Senior Sunday: Gino Murdock


Murdock in auto class.

André da Costa, Staff writer

Q: Tell us a little bit about yourself and what hobbies/sports you do.

A: “So I’m Gino Murdock, I am a senior now at Huron High School. I’m gonna be graduating soon, but I have played baseball ever since I was 10. I recently quit this year. I’ve been playing all throughout high school, but I decided not to play my varsity year. I really enjoy working on cars or pretty much anything engine based. I don’t really like working on electric cars, it’s kind of cringey. I really like figuring out how things work, not just cars, but mechanics or engineering, or just figuring out how things are put together. I think they’re really interesting.”


Q: What is one class/club you would recommend to underclassmen? Why?

A: “Auto, because I think Mr. Snyder is a really good teacher, he teaches a good course. I think it’s good for everyone to know, even for someone like me who just likes complicated stuff. But it’s really valuable for anyone to know because you should know how to change your tire or do an oil change because they’re really simple things that you could do in less than 30 minutes if you just spend the time in high school to learn these things.”


Q: How are you feeling about graduating this year?

A: “I think it’s something I’ve always been looking forward to. I remember when I first got my graduation year, which was in middle school, I got it in 2023. I remember I was like, “Oh that’s never gonna happen. That’s like decades.” Down the road, now it’s not even a month out. I’m ready for it. I feel like a lot of people have this attitude when they graduate high school. I’m so ready to just get out, I can’t wait to be an adult and finally be on my own. I think I’m gonna miss it a little bit because going to school is always kind of fun. I always saw it like I was climbing a mountain. Up until this point, I’ve always just been climbing this mountain and when you graduate, you’re at the top of the mountain. And you can view the whole world and you can go wherever you want. Now I’m about to see the whole world. I can go anywhere.”


Q: Ten years from now, what is one high school memory you will still remember?

A: “I feel like there is not one certain memory, I think all of auto is probably just going to merge into one big glob of memories. I won’t remember a lot of things. I’ll never forget Junior year, which was my first year in auto and I wasn’t really competent enough with cars or metalworking or any skills that are related to cars. Mr. Snyder told me that I should hop right into a truck bed rebuild, and I was like, I don’t know how to metal work or how to weld and how to grind or anything. I had to learn all those skills quickly so I could just keep the project moving. I think it was a really fun project because it showed me that even though I had none of the skills to do this project, I was able to just pick them up really quickly, and apply them and get good at them and just keep the project moving. But there are a bunch of other memories like pulling an engine out of a Jeep Cherokee or the TransAm build, which is what I’m doing right now.”

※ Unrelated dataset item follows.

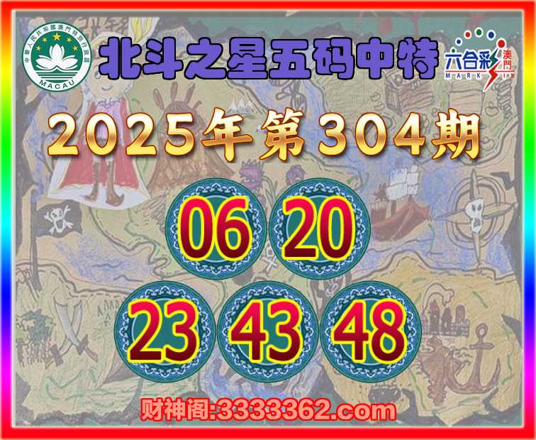 304期: 北斗之星 🥽五码中特🥽【06.20.23.43.48】开:48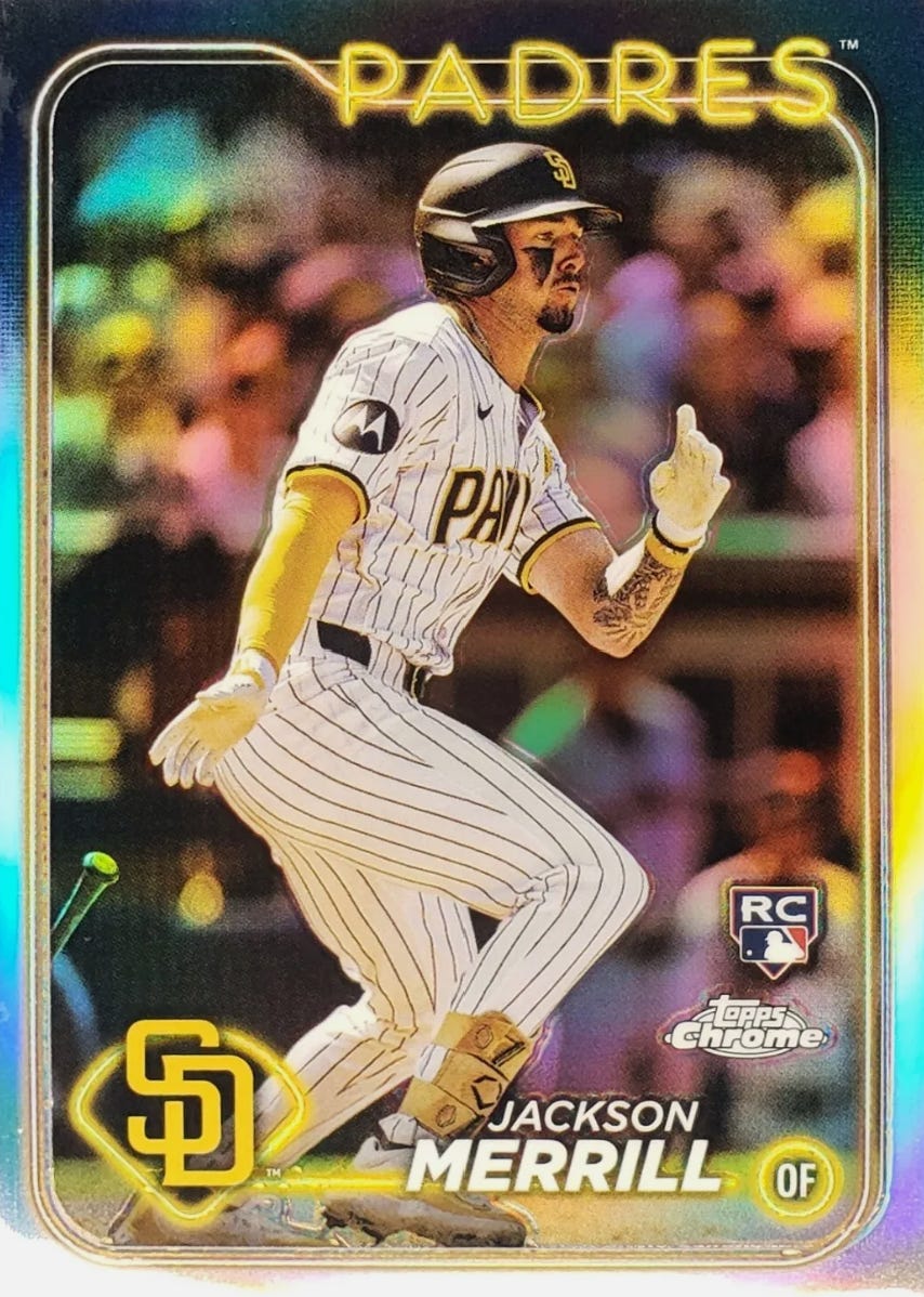 His 2024 Topps Chrome refractor #207 sells on eBay in the $10-$15 range but has been increasing in price recently with his and the Padres surge. You can also find X-fractors and Ray Wave cards around $20.

Q: What is one piece of advice you would give to your freshman self?

A: “I would tell them about COVID obviously, because that was a real fly ball right there, kind of came out of nowhere. I’d say don’t stress about school so much because that’s the attitude I had going into high school. Then I just realized that all the teachers don’t really care that much. You can just hand in late work and most of them won’t care. It’s easy to pass your classes, you don’t need to work really hard. Try to focus more on classes that you really enjoy like Auto and then just try to power through the classes you don’t really like, like math or science. Just take it for what it’s worth and look forward to the fun classes that you really like.”


Q: What will you miss most about high school?

A: “There’s this thing that happens in high school where you get put in a room and for an hour with people you don’t really know. You need to figure out who they are and it’s almost like the ease of meeting new people and meeting new friends that are interested in the things that you do. In adulthood, it’s gonna be a little bit harder to meet people that are going to be interested in the things that I am interested in outside of the internet. But I guess I’ll miss it mainly because it was just a really big part of my life, school in general. It’s been four years that I’ve spent in a building. So now you have to get out of the building and go somewhere else. I’ll miss seeing some of my friends that I might not see again, and it’s gonna suck but it’s part of life. It’s just how it is.”